In-degree, PageRank, number of visits and other measures of Web page popularity significantly in- fluence the ranking of search results by modern search engines. The assumption is that popularity is closely correlated with quality, a more elusive concept that is difficult to measure directly. Unfortunately, the correlation between popularity and quality is very weak for newly-created pages that have yet to receive many visits and/or inlinks. Worse, since discovery of new content is largely done by querying search engines, and because users usually focus their attention on the top few results, newly-created but high-quality pages are effectively "shut out", and it can take a very long time before they become popular. We propose a simple and elegant solution to this problem: the introduction of a controlled amount of randomness into search result ranking methods. Doing so offers new pages a chance to prove their worth, although clearly using too much randomness will degrade result quality and annul any benefits achieved. Hence there is a tradeoff between exploration to estimate the quality of new pages and exploitation of pages already known to be of high quality. We study this tradeoff both analytically and via simulation, in the context of an economic objective function based on aggregate result quality amortized over time. We show that a modest amount of randomness leads to improved search results.
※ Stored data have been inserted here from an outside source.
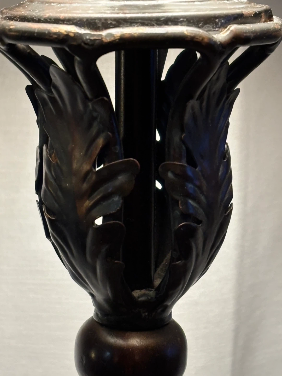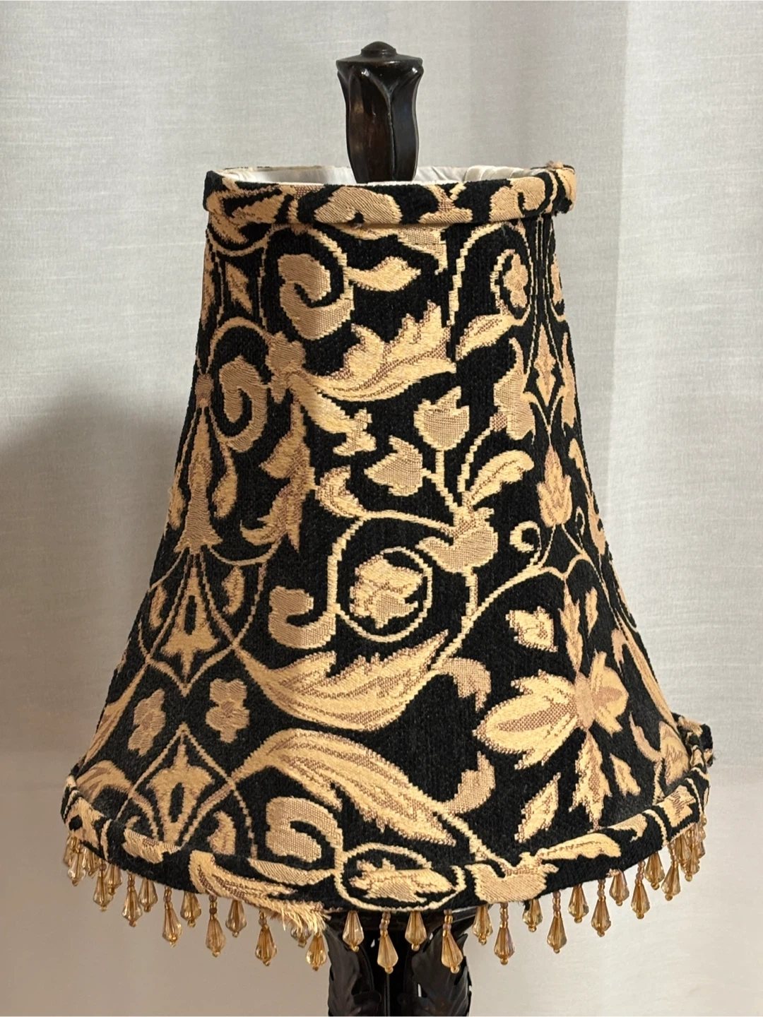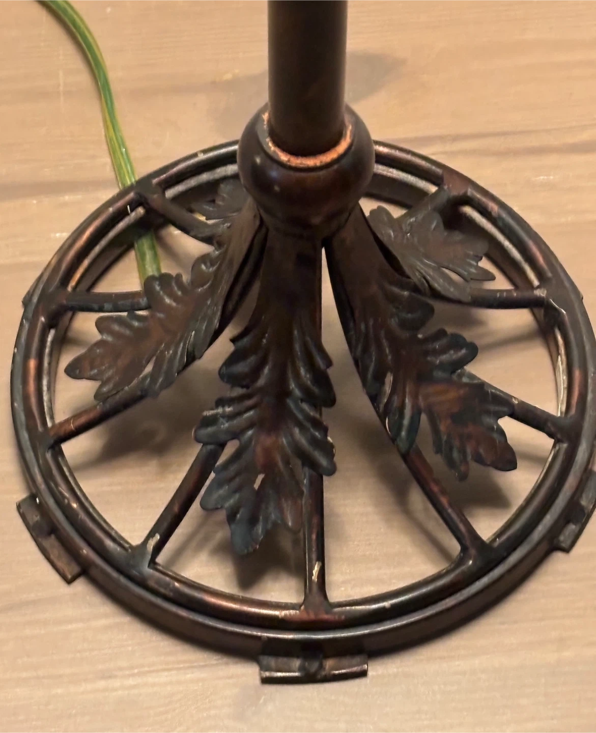 Table lamp with decorative fabric lampshade.It has a dark metal base with leaf accents and is adorned with a beaded fringe along the bottom edge of the shade.Height 39 inches (100 cm).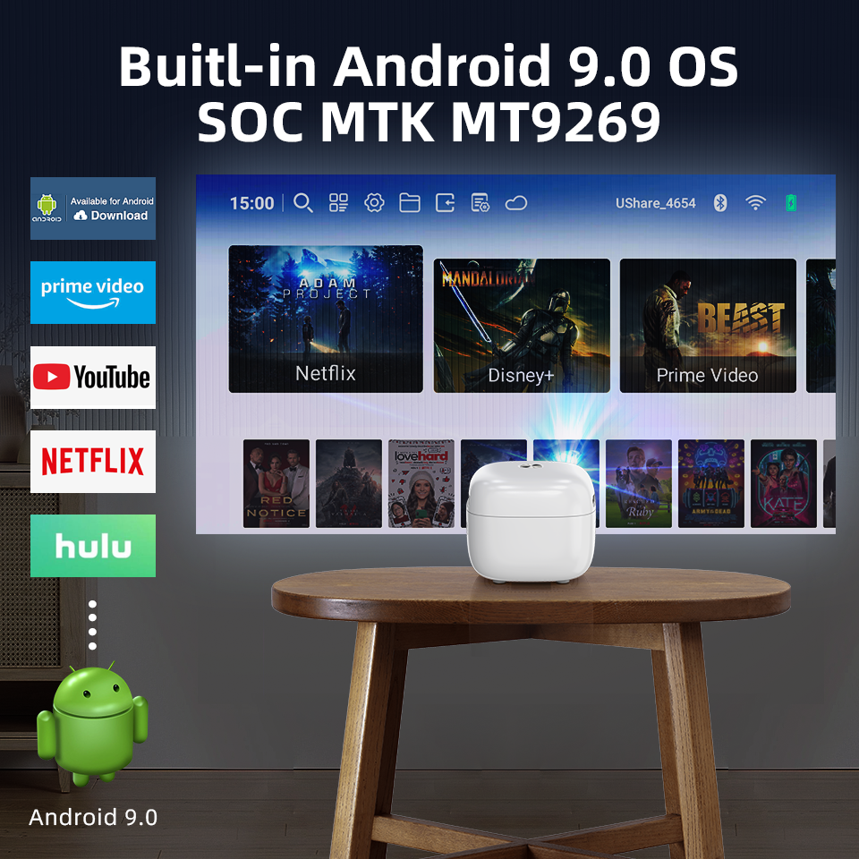 :Q6 Plus 投影儀採用超迷你尺寸設計,配備LED燈,搭載Android 9.0系統,支持藍牙和Wi-Fi無線功能,可以將任何表面轉變成60-80英寸的大屏幕。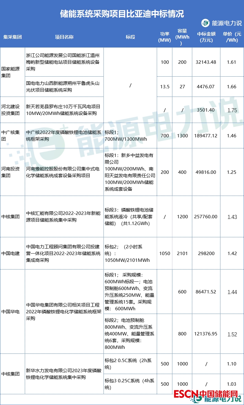比亞迪在中國電建、國家能源集團、中核集團等多個集團的儲能系統(tǒng)采購項目中成功中標(biāo)。其中包括斬獲中廣核2022年度磷酸鐵鋰電池儲能系統(tǒng)集采標(biāo)段一700MW/1300MWh訂單。這些儲能系統(tǒng)項目中標(biāo)單價在1.03-1.75元/Wh之間,在新華水發(fā)電2023年度磷酸鐵鋰電化學(xué)儲能系統(tǒng)集采中分別入圍2h、4h系統(tǒng)標(biāo)段,中標(biāo)報價分別為1.10元/Wh、1.03元/Wh。

Guy Lebanon (Purdue University)
Conditional Models on the Ranking Poset- A Unifying Theme for Classification and Ranking

Saturday 11:00-11:30, Fountain I

Abstract:

Classification and ranking have long been considered different problems in machine learning and statistics. We present a class of statistical models whose event space lies on the ranking poset, a combinatorial structure that includes classification and ranking, as a unifying framework for both problems. Popular models for classification such as error correcting output codes and discrete versions of boosting and logistic regression as well as ranking models such as the Mallows model are shown to be special cases in this framework. In addition to drawing a surprising connection between the above algorithms, the framework naturally suggests new algorithms for ranking and classification. We present one such algorithm in the context of meta-search and some ideas for future research in this direction.


D. Sivakumar (Google, Inc.)
Comparing and Aggregating Partial Rankings

Saturday 11:30-12:00, Fountain I

Abstract:

Motivated by several applications, we consider the problem of defining distance measures between "top-k rankings" and "rankings with ties". We propose several distance measures between such structures, some of which are metrics while others are not. For each of the latter category, we show that they are "almost" a metric in two seemingly unrelated senses (which we will also show to be equivalent). Based on these, we define two distance measures to be equivalent if they are bounded above and below by constant multiples of each other. We thereby identify large and robust equivalence classes of distance metrics for the two types of ranking structures we study. Our results imply highly-efficient constant-factor approximation algorithms for the corresponding "rank aggregation" problems.